Embracing Functional Agricultural Biodiversity to Tap into Nature's Services

 

Knowing that bringing natural diversity to a farm can help boost production and benefit the bottom line is just the beginning. The next level is knowing which plants to incorporate, insects to encourage and habitat to install.

Displays at the functional ag biodiversity conferenceReaching that next level – teaching farmers specific tactics for bringing functional agricultural biodiversity to their farms – was the goal of a one-day conference organized by the Functional Agricultural Biodiversity Work Group in March.

The day’s program was drawn directly from a survey sent to growers and conservationists across Oregon, Washington, California and Idaho who have been involved with the work group, said Gwendolyn Ellen from the Farmscaping for Beneficials Program at Oregon State University.

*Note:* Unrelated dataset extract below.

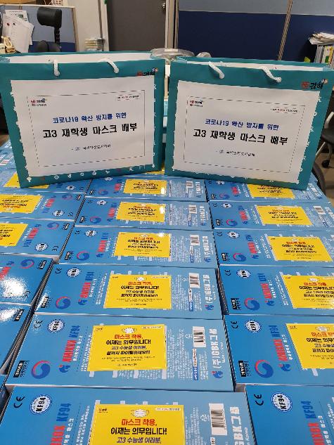시는 관내 24개 고등학교 고3 수험생 전 학급에 KF94 마스크 5,300매를 전달했고 17개 각 고사장마다 코로나 상황을 이겨내고 그간의 노력이 빛을 발하길 바라는 허성곤 시장의 격려 메시지를 담은 현수막을 달아 수험생들을 격려하고 있다.

"They wanted to know the specifics about habitat installation on farms and what native plants might work in their specific agricultural ecosystem,” she said, “And they want to know if what they’re doing works.”

Laurie Mooney was one of the growers who attended. Mooney is a landscape designer for Pacific Foods Company, which has 20 different organic farm sites around Oregon. A key role of her job is ensure that each site has something blooming all the time.

“Those year-round blooms are helping our pollinators which in turn are helping our crops and helping our animals and keeping the agro-ecosystem on every site we have healthy,” she said.

For Mooney, one takeaway from the conference was using landscape cardboard in preparation for planting a hedgerow of native plants.

“A lot of times hedgerows may look great the first year but it’s not sustaining itself because weeds might take over,” she said. “I’m definitely planning on trying laying cardboard and putting mulch over it. I’m planning on doing that in May, letting it sit through the summer and doing my hedgerow planting in the fall and winter.”

One of the ecosystem services on-farm biodiversity can provide is pest management, explained Mace Vaughn, the pollinator conservation program co-director at the Xerces Society and a speaker at the conference.

“When you grow a single species over a large number of acres, you’re going to have pests come in that do really well there,” he said. “So if we can create habitat that brings in predators or parasites that attack those crop pests that really helps, in all cropping systems.”

Speakers at the conference also focused on plant selection and the best time to plant hedgerows and other habitat and ways to encourage beneficial insects for pollination and pest management. A key concept throughout the day was appreciating the complexity of interactions going on in an agro-ecosystem, looking for ways to achieve multiple benefits from new habitat plants or conservation decisions.

Christmas-tree farmer Terry Muilenburg of Green Valley Farms of Oregon has been planting cover crops between his tree rows for 30 years to prevent soil erosion and attract beneficial insects.

“I want to do a better job of what I’ve been trying to do,” he said. “I want to know more about native plants. I’ve always planted grasses because they’re easy to manage, and every five rows or so I’ll plant something like white clover. But maybe there are some other things I could be doing, and that’s why I’m here.”

A number of guides and resources are available on the Xerces Society website at xerces.org.